Immune Reconstitution in HIV-Infected Children following Antiretroviral Therapy
V. Haridas*, A. Chandrasekaran, S. Chavan, and S. Pahwa
North Shore-Long Island Jewish Res. Inst. Immunology Ctr., Manhasset, NY

Background: Immune reconstitution following antiretroviral therapy (ART) in human immunodeficiency virus (HIV)-infected patients may result from recovery of thymic function, peripheral redistribution, or decreased T-cell destruction. In the present study we have investigated thymic function by estimating the levels of T-cell receptor excision circles (TRECs). In addition to this, activation and naïve status of T cells were studied to investigate their role in immune reconstitution.

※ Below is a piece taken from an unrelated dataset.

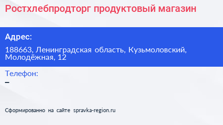 Ростхлебпродторг, продуктовый магазин по адресу 188663, Ленинградская область, Кузьмоловский, Молодёжная, 12 в дальнейшем Организация, размещена в следующих категориях:
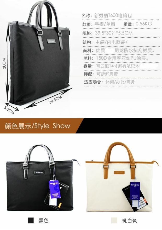 商品名称:国产 联想 新秀丽T600电脑包 14英寸单肩男女公文便携手提笔记本单肩包

Methods: This study consists of 21 HIV-infected patients (age range 0.2 - 19.2 years, median 9 years) who are on antiretroviral treatment for >24 months. TRECs were estimated by TaqMan real-time multiplex PCR assay. Surface markers for naïve and activated phenotype were studied by multi-color flow cytometry. The correlation between different parameters was analyzed by Spearman Rank Correlation analysis.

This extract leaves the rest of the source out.